▶ [Data excerpt]:
******

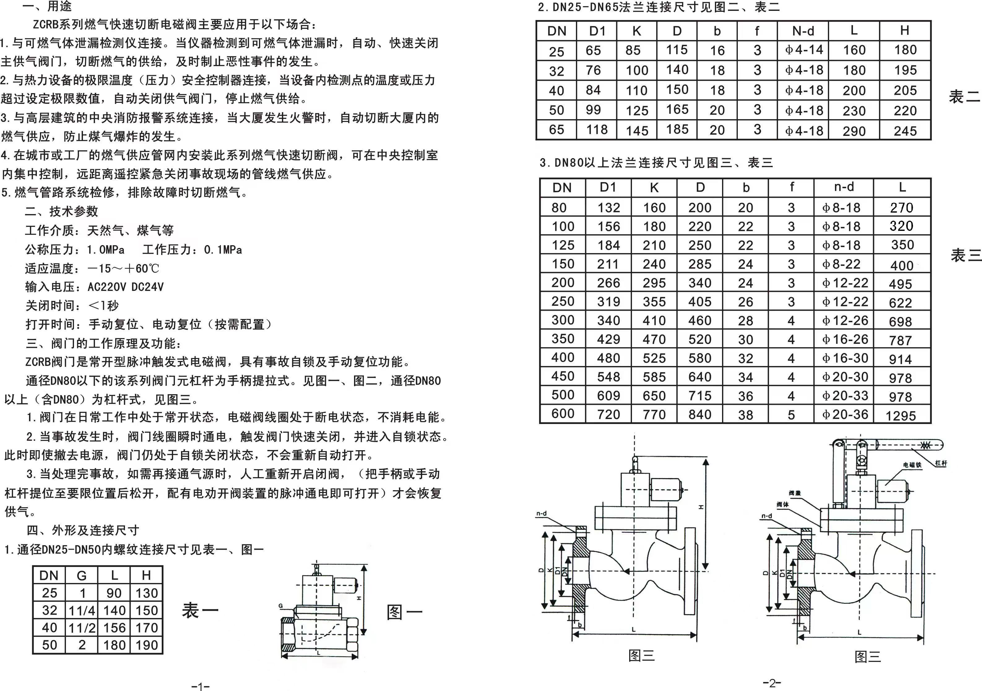 燃?xì)怆姶砰y,燃?xì)饩o急切斷電磁閥工作原理及特點(diǎn)使用說(shuō)明書(shū)(圖)
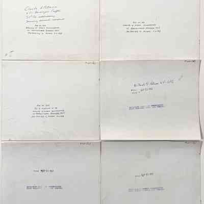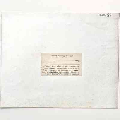 Description: Set of glossy black/white photos, unmounted. Photographer unknown. Images #a, b, c, and e have a white typed description label glued to their bottom edge.
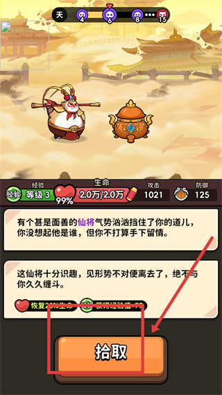 3、部分戰斗勝利后,敵方會主動撤離,同時會掉落道具,點擊【拾取】按鈕可獲取該道具。
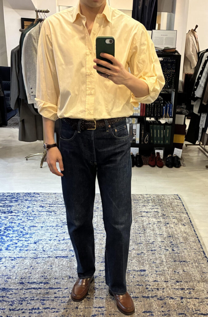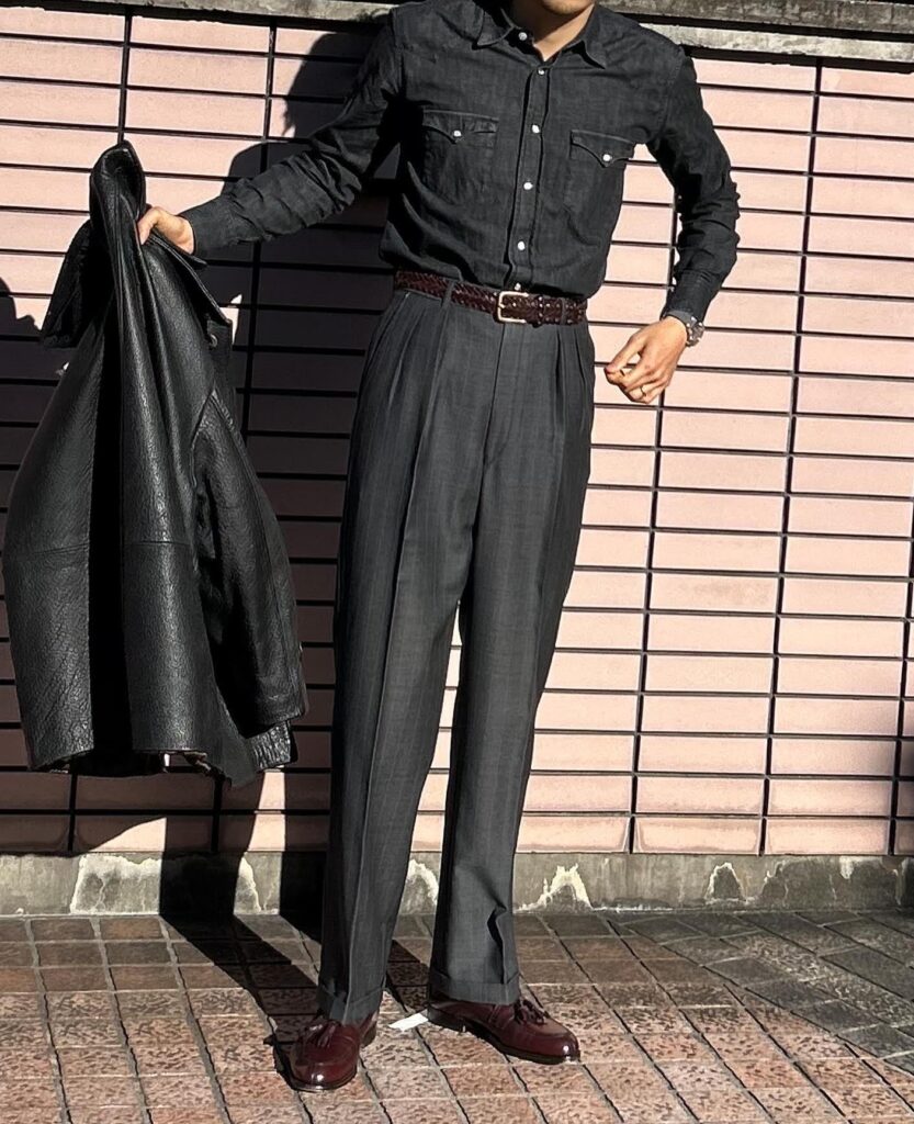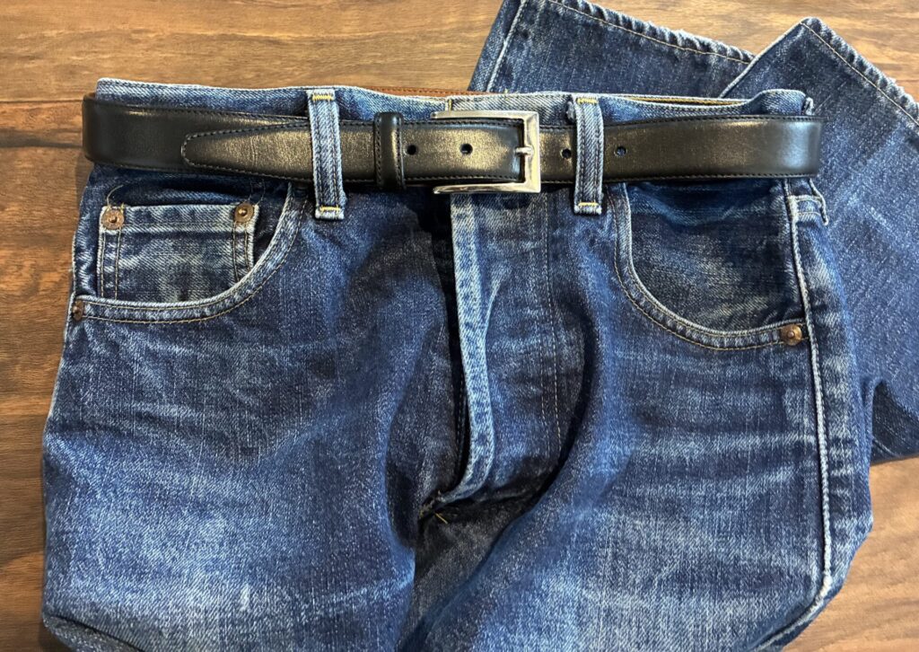 しかし、同じベルトをデニムに付けると、アンバランスです。

******

▶ [Required action]: Only the lines from the one with "3、部分戰斗勝利后,敵方會主" to the end of the listing, both ends included, should be retyped exactly; no pictures belong in the copy.

▶ [Solution]:
 3、部分戰斗勝利后,敵方會主動撤離,同時會掉落道具,點擊【拾取】按鈕可獲取該道具。
 しかし、同じベルトをデニムに付けると、アンバランスです。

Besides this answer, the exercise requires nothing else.